We landed in Lima, Peru after a 12 hour flight from Madrid. I was literally running on empty… physically and technologically. We had a 2 hour car journey ahead of us in the direction of the Universidad Peruana de Ciencias Aplicadas (UPC) campus in Monterrico, Santiago de Surco. On arrival at the campus we met with our two wonderful tour guides for the day: Gloria Mora and Daniela Beltrán.

They took us to store our luggage in their office and then we hopped into a car en route to the other UPC campus Villa. On the way to Villa campus, Gloria and Daniela explained to us that Monterrico is their largest of 4 campuses with 17,000 students and 21 years of history. The Villa campus is much newer campus with a health and science focus and has around 5,000 students. In total UPC has around 38,000 students across 4 campuses in Lima.
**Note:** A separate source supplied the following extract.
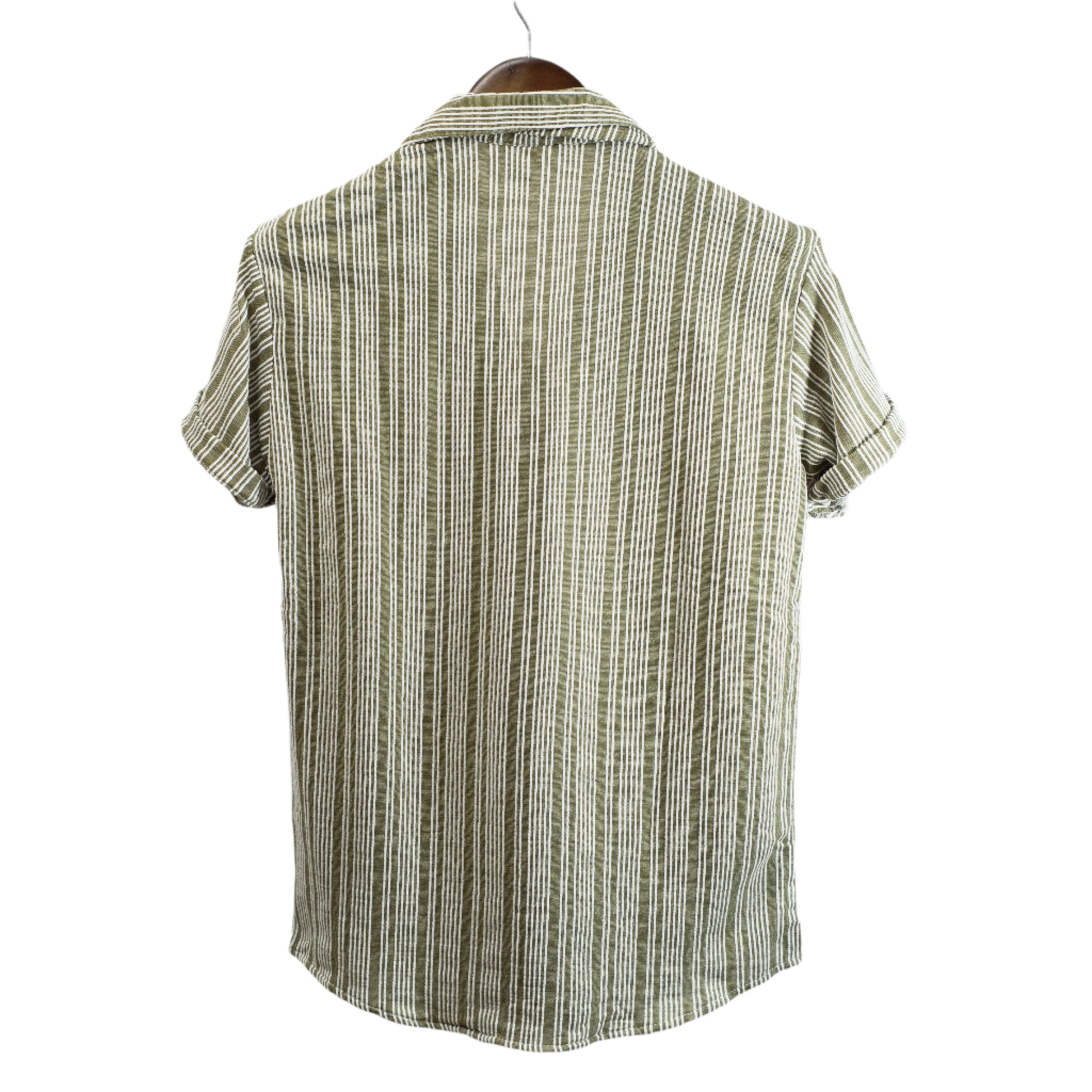 Men Complo Revere Collar Shirt features a textured pin stripe Cotton feel with button up enclosure.

The majority of the students at UPC are Peruvian, but a small amount of internationals come from countries such as Mexico and Spain and as far as Sweden. All students must study English to graduate, therefore we had no trouble communicating with the staff and students that we met.

Gloria and Daniela look after Campus Life and International student experience. They have a very cool job and explained to us a concept they have been running successfully for a number of years. Its called Cultural Friday. From 1-3pm every Friday the students have no classes scheduled. During this time the Campus Life team organise sports, workshops, movies, concerts, cooking classes, Latin dance classes, volunteer programs and other social activities. Students must participate in a number of these events each term in order to receive the cultural credits they require to graduate. All students are given a Cultural Passport in which they must collect points. On estimate, students must attend around 20 activities throughout their course. Most of them sound super fun and I think this is an awesome way to get students to interact and have a great social campus life.

We were met by César Pancorvo who looks after university services at Villa campus. Villa campus backs onto the huge mountain ranges of Lima where the shanty town is full of brightly painted colourful houses.

We explored the campus which had some very cool facilities. The campus had very lush green gardens and a large grassy knoll where students were lying or studying in the sun. César explained that the grassy area is where the campus holds concerts and outdoor movies during Cultural Fridays. We explored the large basketball courts, football field, gymnasium and swimming pool. UPC has its own swim squad, basketball team, football teams and other sporting clubs.

César took us to the health building where they had a medical room equipped with many models of body parts, fetuses, and muscle groups. They were very cool and we wanted to go in to play with the models, but the room was locked and could not be accessed.

I was invited to join in a practical nutrition class. One of the students leant me their lab coat and I joined the students mixing liquids in a beaker. We were making soap from what I could tell was some kind of fat, a clear liquid and oranges.

We had to get back to the other campus for some other appointments, so we headed back out to the road to find our driver. We said farewell to César who had been a wonderful tour guide.